One day, something inside of me wanted badly to go back home, but I was afraid.  I had made a complete mess of my life and had no idea how I would be received.  And I was far too ashamed to face Guru ji in the form of the Panj Piyare.  One day, I found myself wandering into a gurudwara and, without being quite sure how I got there I was sitting, cross-legged, all alone in the darbar sahib.  Just sitting.  Just me and Guru ji.  I suppose the granthi was lurking somewhere.  After a time, curiosity got the better of him, wondering who was this gori in the gurudwara.  (I am half Punjabi, but I look like a gori.)

I ended up telling him my story.  To cut the story short, a short time later, I was blessed with Amrit for a second time, whole-heartedly welcomed back, no recriminations.  

I once had a son.  There was nothing, absolutely nothing, he could have done that would have lessened my love for him.  How dare anyone imagine that Guru Gobind Singh ji is a less loving parent than I am!

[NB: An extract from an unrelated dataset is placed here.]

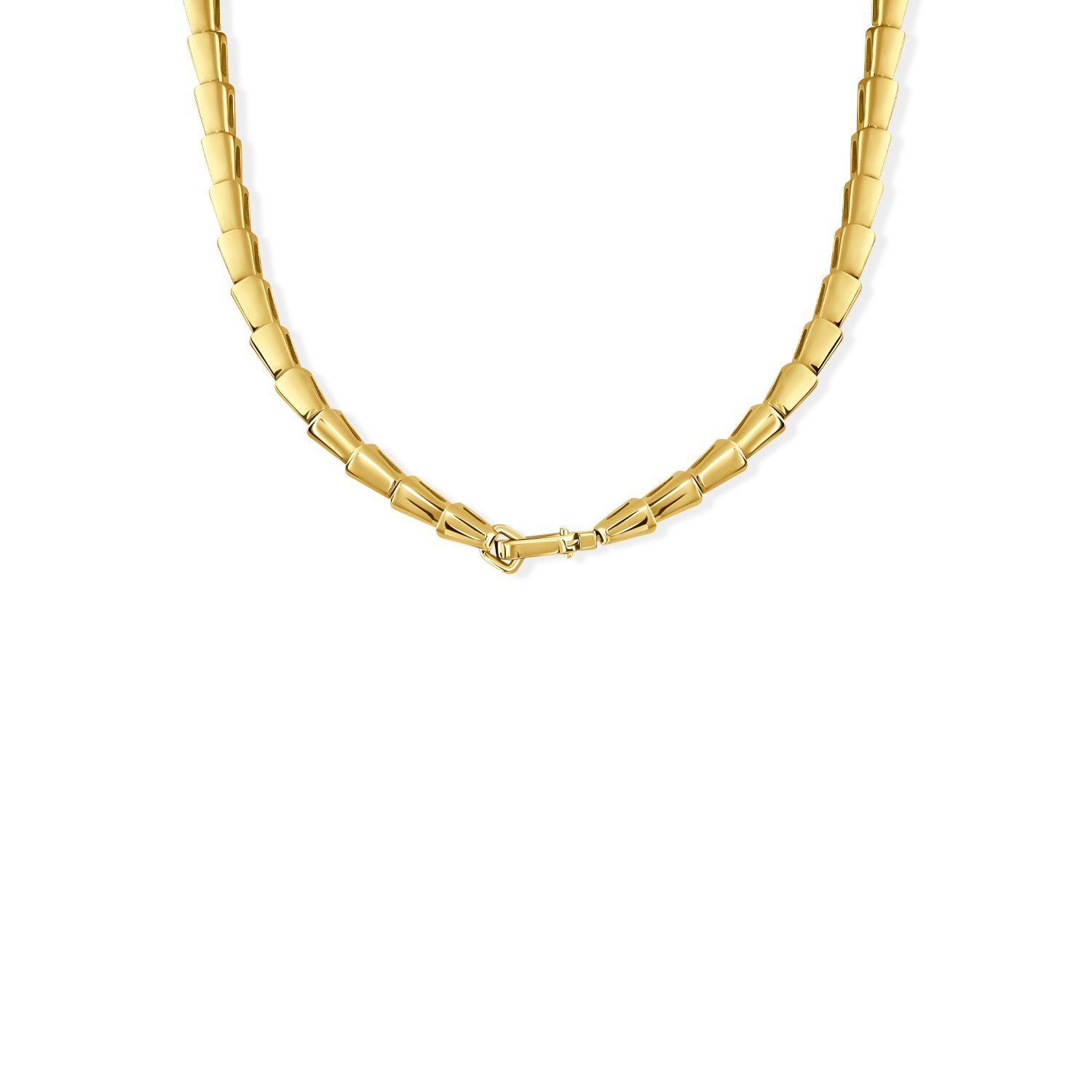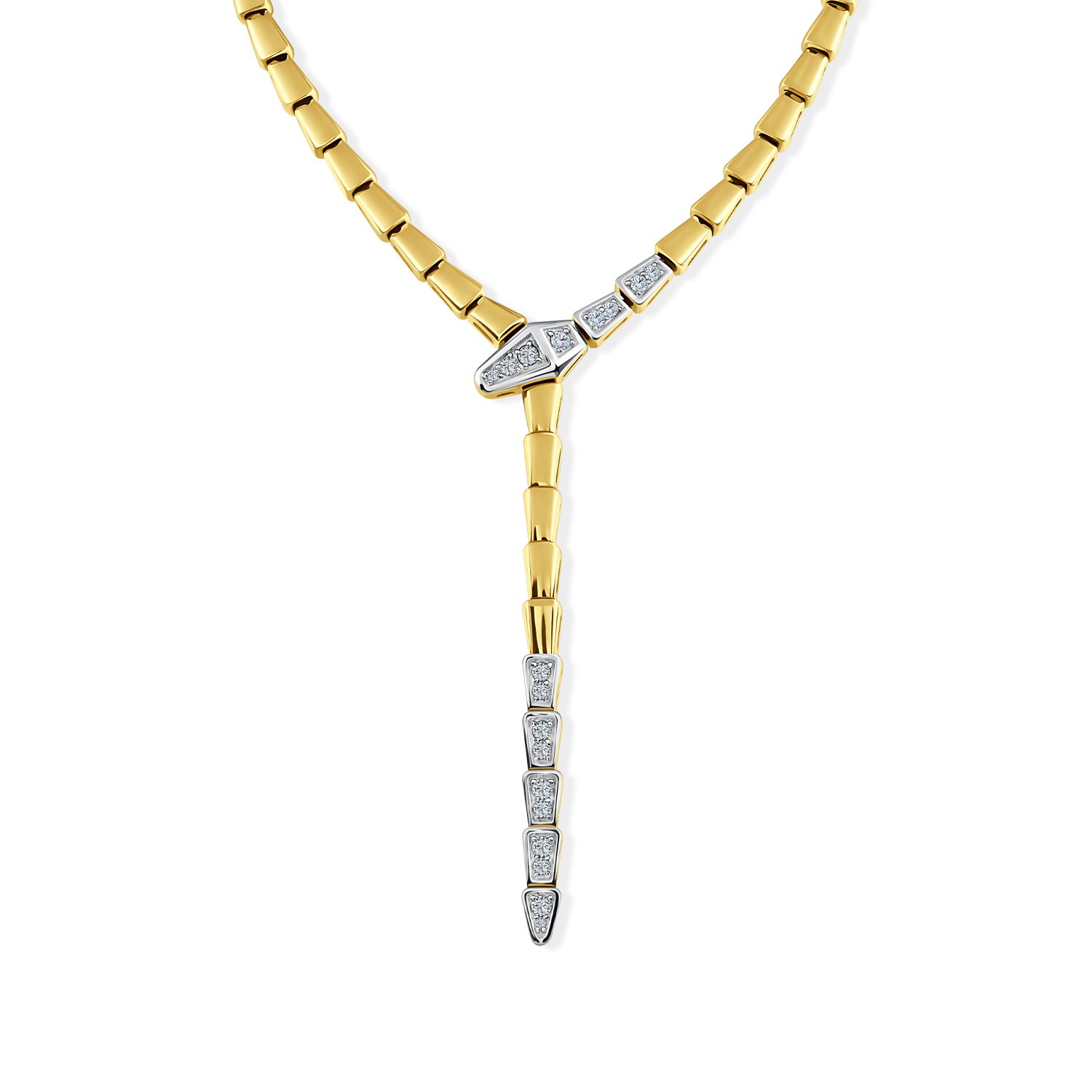 A statement of power and refined elegance, this high jewellery necklace is masterfully designed in gold and set with brilliant diamonds that cascade in a graceful silhouette. The structured drop design elongates the neckline, creating a striking yet sophisticated presence.

This is getting too long.    I'll conclude by saying that if you break your Khalsa promises, it is very sad and a big deal.  Really it is.  You have, by your own action, cut yourself off from the Khalsa.  However, Guru ji's kirpaa is a fact and you can return any time you choose.  It's a bit scary and very hard on the ego to present yourself to the Panj Piyare, and when you do, the forgiveness is total.  I strongly suggested it to anyone who has put themselves in this position.  [Note aside:  any messes you have made in the physical universe are still there to be cleaned up;  they do not magically disappear.  I, at least, have been given the strength and power to do this in my life and I believe you would, too.]

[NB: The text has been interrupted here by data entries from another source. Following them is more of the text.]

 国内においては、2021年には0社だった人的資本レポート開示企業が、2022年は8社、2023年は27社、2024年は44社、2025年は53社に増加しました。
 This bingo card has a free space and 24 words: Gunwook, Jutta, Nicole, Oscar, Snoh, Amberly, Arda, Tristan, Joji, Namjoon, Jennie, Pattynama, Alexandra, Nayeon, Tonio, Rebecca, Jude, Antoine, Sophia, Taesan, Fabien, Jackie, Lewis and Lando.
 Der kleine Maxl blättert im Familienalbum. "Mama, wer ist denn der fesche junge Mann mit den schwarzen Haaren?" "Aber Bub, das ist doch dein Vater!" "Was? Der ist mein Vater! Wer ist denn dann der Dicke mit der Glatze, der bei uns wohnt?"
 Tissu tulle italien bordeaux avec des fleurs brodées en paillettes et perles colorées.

"Being lost is worth the coming home."

(As for the Nihungs, the have their own Rehat Maryada(s) and do not follow the SRM.  Far be it from me to pass judgment on them.)


----------



## spnadmin (May 2, 2010)

Mai ji

With all respect, the person in question did not commit a kurehit. It sounds more like her family of in-laws were understanding some of her personal misfortunes in a superstitious manner. Breaking the Khalsa vow would or should trigger some serious personal reflection -- as it did so with you. But khanda pahul is not a ritual that should lead to superstitious ways of living in the world. So that makes it difficult to understand how SRM is consistent with the in-laws' reactions. 

Having said this -- I am not 100 percent sure I have a complete understanding of why the in-laws' reacted as they did.


----------



## Mai Harinder Kaur (May 2, 2010)

Typos!





Narayanjot Kaur said:


> Mai ji
> 
> With all respect, the person in question did not commit a kurehit. It sounds more like her family of in-laws were understanding some of her personal misfortunes in a superstitious manner. Breaking the Khalsa vow would or should trigger some serious personal reflection -- as it did so with you. But khanda pahul is not a ritual that should lead to superstitious ways of living in the world. So that makes it difficult to understand how SRM is consistent with the in-laws' reactions.
> 
> Having said this -- I am not 100 percent sure I have a complete understanding of why the in-laws' reacted as they did.




I agree with what you are saying.  I was not specifically reacting to Hardip Singh's comment; I was replying to the title of the thread.

We need to be ever on guard against superstition.  I have had some difficulty explaining this to The Good Irene.  She looks on my kara especially as some sort of a lucky charm that I wear, my kesh as an encumbrance and my kirpan as asking for trouble, my kangha as a decoration and my kechera as a bit silly.  She cannot believe that I don't wear these things to bring me luck in some form.  "You believe you would be cursed without these things!" is her incorrect understanding.  

I would not be cursed;  I would be incomplete.

As for the family of the Amritdhari girl, her family members seem to be just plain mean, as if the young lady isn't in enough pain as it is.  As for the in-laws, well, there's no accounting for in-laws, I guess.  I am sure that her problems are not "punishment" from God or Guru ji.  As LifeWithSoul said, the '"punishment" is a loss of that connexion, that conscious contact with the Eternal, which is no more punishment than gravity punishes me when I fall down.


----------



## findingmyway (Aug 22, 2010)

Gyani Jarnail Singh said:


> Hardip Singh Ji,
> Gurfateh.
> 
> As a matter of Fact Alcohol consumption is described as..once consumed that which brings ones brains to ones tongue..and aral-barl nonsense emerges..is BAD. This is in the Sri Guru Granth Sahib and Guru Nanak ji wrote this slok in honour of Bhai mardana Ji. Thus it is clearly..not   a preferred consumable !! Secondly alcohol certainly comes under Kurehit no. 3 Drugs..etc and Bhang is covered as well.(Tobacco is named as prohibited so its totally out in nay manner). A Sikh as per Gurmatt is to SHUN all such FALSE ?intoxicnats" and imbibe the spiritual intoxicant of the Naam...as in a popular saying..Naam KHUMAREE nanaka charreh reheh din raat !!
> ...




Giani Ji,
You make some very good points. I would also like to add gambling to the list of intoxicants as it has a similar effect on the brain to the other drugs mentioned and is just as addictive.


----------